Formada em Direito pela Pontifícia Universidade Católica de São Paulo (PUC-SP), com mestrado profissional em Direito e Desenvolvimento, na linha Direito dos Negócios, na Fundação Getulio Vargas (FGV) e pós-graduada em Direito da Infraestrutura pela GV Law, Isadora teve destaque na gestão pública ao atuar em importantes processos de concessões comuns e Parcerias Público-Privadas (PPP). Na gestão pública, foi subsecretária de Parcerias e Inovação no Governo do Estado de São Paulo, onde desenvolveu a coordenação de projetos e liderança das equipes responsáveis pela implementação de parcerias com a iniciativa privada e inovação na gestão e contratações públicas, entre outros cargos.  Atualmente, como sócia fundadora da ICO, uma consultoria de integração público-privada do setor de infraestrutura, presta serviços para governos, concessionárias, empresas privadas e estatais, criando arranjos público-privados e planejamento estratégico para projetos social e economicamente complexos, atuando em parcerias estratégicas, PPPs e concessões, estruturação de práticas ESG, infraestrutura, verificação independente de contratos, financiamento de projetos, elaboração de estudos de Value for Money e outras atividades correlatas à estruturação jurídica, econômico-financeira e estratégica, bem como gestão de projetos nos mais diversos setores da infraestrutura. É apresentadora do primeiro podcast e videocast de Infraestrutura do Brasil, o Infracast. Anteriormente à ICO, Isadora foi sócia líder do segmento de governo no Brasil na KPMG. Além disso, sempre focada em causas nas quais acredita, é cofundadora e diretora-presidente da InfraWomen Brazil (IWB), grupo sem fins lucrativos dedicado à promoção e ao incentivo da presença de mulheres no setor de infraestrutura, com o objetivo de construir espaço em que seja possível compartilhar ideias e experiências para auxiliar no desenvolvimento da agenda de infraestrutura no Brasil.
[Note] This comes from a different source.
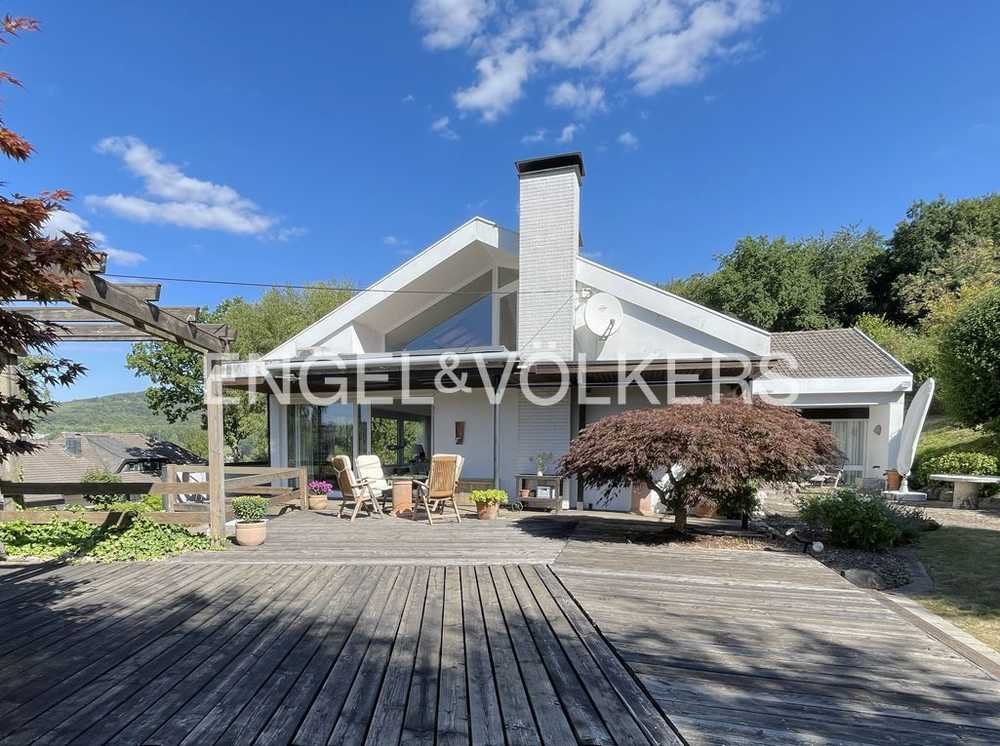 Dieses freistehende Architektenhaus aus dem Jahr 1968 vereint Großzügigkeit, Stil und eine durchdachte Raumaufteilung. Mit rund 240 m² Wohnfläche, einem weitläufigen Grundstück von 1.464 m² bietet es ideale Voraussetzungen für Familien, die viel Platz, Komfort und einen Hauch von Exklusivität schätzen. Der großzügige Wohnbereich mit seinen weitläufigen Fensterfronten sorgt für lichtdurchflutete Räume und eröffnet zugleich einen herrlichen Ausblick ins Tal. Ein offener Kamin im Wohnraum schafft behagliche Wärme und unterstreicht die gemütliche Atmosphäre. Insgesamt sechs Schlafzimmer und drei Badezimmer stehen zur Verfügung und ermöglichen individuelle Wohn- und Nutzungskonzepte. Eine separat zugängliche Einliegerwohnung bietet zusätzliche Flexibilität – sei es für Gäste, ein Homeoffice oder zur Vermietung. Besonders hervorzuheben ist der wunderschöne Garten, der viel Platz zur Entfaltung lässt und durch seine Größe und Gestaltungsmöglichkeiten überzeugt. Auf der großen Terrasse können Sie entspannte Sonnenstunden genießen oder gesellige Abende mit Familie und Freunden verbringen. Die ruhige Lage mit Blick ins Grüne macht dieses Haus zu einem idealen Rückzugsort. Abgerundet wird das Angebot durch eine moderne Gas-Zentralheizung aus dem Jahr 2024, eine Garage sowie mehrere Stellplätze, die für höchsten Wohnkomfort sorgen.

Brasileira, judia e vegana, herdou de seus pais Dodi Chansky e Rony Cohen a paixão pelas artes, arquitetura e conhecimento, e com o padrasto, Otílio Manuel, a importância de lutar por tudo o que acredita e a resiliência. Sua melhor amiga é sua irmã, Marina, que é mãe de seu afilhado Francisco. Casada com Fernando Marcato, advogado e atual secretário de Infraestrutura e Mobilidade do Estado de Minas Gerais, tem dois filhos caninos, Amy e Bowie, da raça Golden Retriever, e duas enteadas que adora, Julia e Carol.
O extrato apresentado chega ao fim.